A year later, the team repeated their experiment. They used a larger hall in New York, recruited more listeners—and got the same results. This time, they asked the listeners to judge every pair of violins and explicitly say which they preferred. The new ones won again.
“We can’t extrapolate these results to all Strads and all new instruments,” says Fritz. But she says the violin world has already begun to take heed of these results. “Violin-makers are telling me that it’s changed their lives, and that they feel liberated. They want to copy the craftsmanship of Strads but they know they can probably do better in terms of musicality. They can see changes in their customers too, who are asking to try new instruments because they’ve read about these studies.” But violin competitions still ask performers about which maker made their violin, or even about the name of their violin. That practice, Fritz says, should stop.
As I’ve written before, Stradivarius violins are testaments to our ability to delude ourselves. Just as expensive wines don’t taste any better than cheap plonk under blinded conditions, these antique instruments don’t sound any better than modern ones. But when people aren’t blinded, their anticipations can toy with their perceptions. “What you hear is related to your expectations rather than the acoustical stimulus that goes through your ear,” says Fritz. “When people say Strads sounded better to them, they really did—but because they knew it was a Strad, and not because of what they actually heard.”
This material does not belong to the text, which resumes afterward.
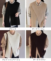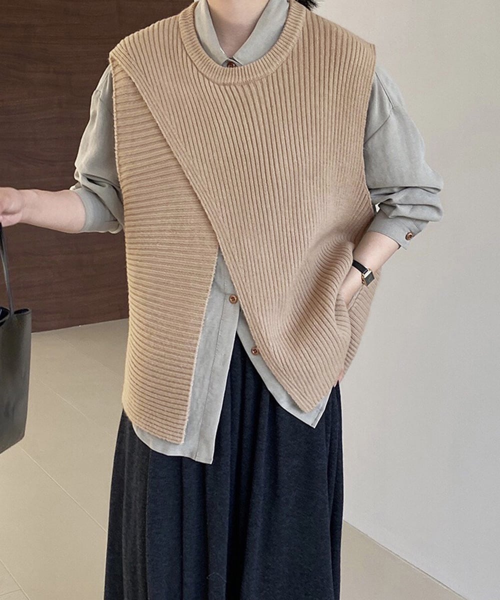 袖なしニット着やせ 体型カバートップス 秋冬レイヤードジレ

“Will this research have any effect on the market in fine old Italian violins? I don’t think so,” says Swan. “They are expensive because they are rare and because they are originals, and these are qualities that can’t be questioned or undermined.”
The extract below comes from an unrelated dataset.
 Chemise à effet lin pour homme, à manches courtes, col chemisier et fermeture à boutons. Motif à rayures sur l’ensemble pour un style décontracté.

“We are artists, and history and imagination are part of it,” wrote violinist Laurie Niles, who took part in the first Indianapolis experiment. When she held an Old Italian violin, she remembers wondering how it could have remained so pristine after so many years. “The wood—it was probably standing in a forest for 200 years even before it was carved by the master into this object. But there was an added dimension: Here was the violin played by Vieuxtemps and so many artists after—what music it has made! This object made by an artist from centuries past not only has survived in body, it has survived in soul.”